Whilst 64% of CIO’s (Chief information officers) expect spend on cybersecurity to increase over the next few years, fewer than 34% saw it as a business priority (2016 global Deloitte CIO survey). And whilst 74% of UK businesses say that cyber security is a high priority for their senior management (Cyber Security Breaches Survey 2017), a sizable proportion of UK businesses still do not have basic protections or formalised approaches to cyber security.

So, why would a hacker be interested in your business? Well, it’s likely you have less knowledge and resource to prevent attacks so for cyber criminals you’re an easy target. It’s like leaving your keys in the car, and the car running while you step out to buy a coffee.

The good news is the majority of successful cyber attacks could be prevented with a few simple activities.

1.   Educate yourself and your teams.

Vulnerability to attacks is certainly increased by human error and a lack of awareness among employees.  Cyber attacks are becoming more and more sophisticated and emails, links and attachments look genuine making it easy to be fooled. So, make sure you train staff to look out for suspicious communications, show them examples of what these communications look like and have a clear procedure for escalation if anyone suspects an attack. Running simulation exercises can also help increase awareness.

2.   Store customer data in an encrypted database

Only 37% of UK businesses have segregated wireless networks, or any rules around the encryption of personal data.

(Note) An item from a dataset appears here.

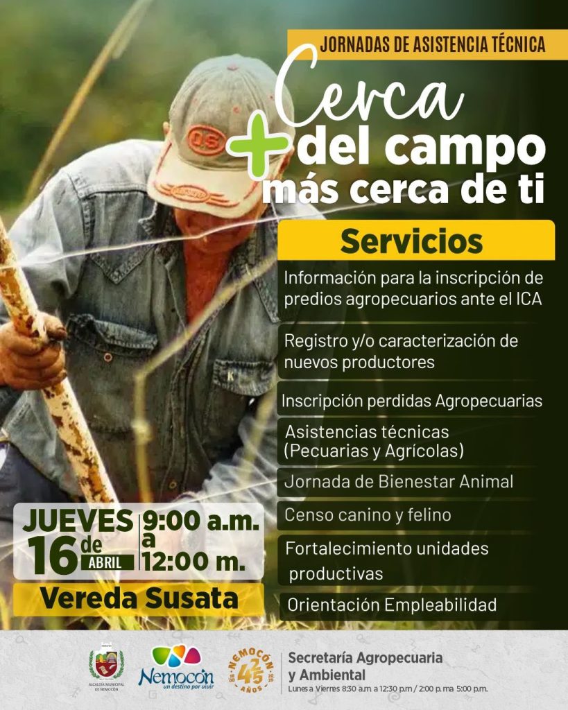 Durante estas jornadas se ofrecerán diversos servicios orientados a apoyar a los productores y promover el desarrollo rural, consolidando a Nemocón como un territorio productivo y sostenible.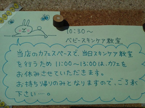 カフェスペースにて午後1時まで【ベビースキンケアのお教室】を開催中の為、

Many operating systems already come with tools for encryption. If you ever have to transmit data, such as through email, make sure that it’s encrypted. And don’t transmit information over public Wifi networks.

 3. Make sure you have the latest security software

Having the latest security software, web browser and operating systems are the best defences against viruses, malware and other online threats. These should be installed across servers, workstations and devices.

4.   Have rigorous authentication measures

This is all about secure logins. The go to place is passwords but most people don’t know how to produce a secure password, and often use the same password in several different applications making the attacker’s task a lot easier.  So, have strong passwords to access any database storing customer information and change these passwords frequently. There are also many alternatives to the traditional password, including tokens, smart cards, smart USB keys and even mobile phone SMS texts. You can also strengthen your helpdesk password reset process such as having call-back or PIN authentication.

5.   Regular Assessments of risk

Vulnerability assessments allow you to see where you are at risk in your network and devices. The problem is that many companies only run these once in a while, every quarter or so, but cyber criminals are inventing new methods of attack on a daily basis. So, vulnerability assessments should be done more frequently, on a bi-weekly or weekly basis.

6.   Have a Disaster Recovery Plan that includes Data Breaches

Make sure your DRP has a plan that covers data breaches. This should detail how your business will respond to a data breach and involve relevant parties, including information security, IT, legal and corporate communications. With the requirements differing for each different business, consider working alongside an external provider to create a bespoke plan suited to your needs.

If you are unfortunate enough to have a breach tell the ICO and customers. Here’s what the ICO website has to say and do check out their site as there are a lot of useful templates you can access. “Service providers are required to notify the ICO if a ‘personal data breach’ occurs. They must also notify customers if the breach is likely to adversely affect customers’ privacy, and keep a breach log.”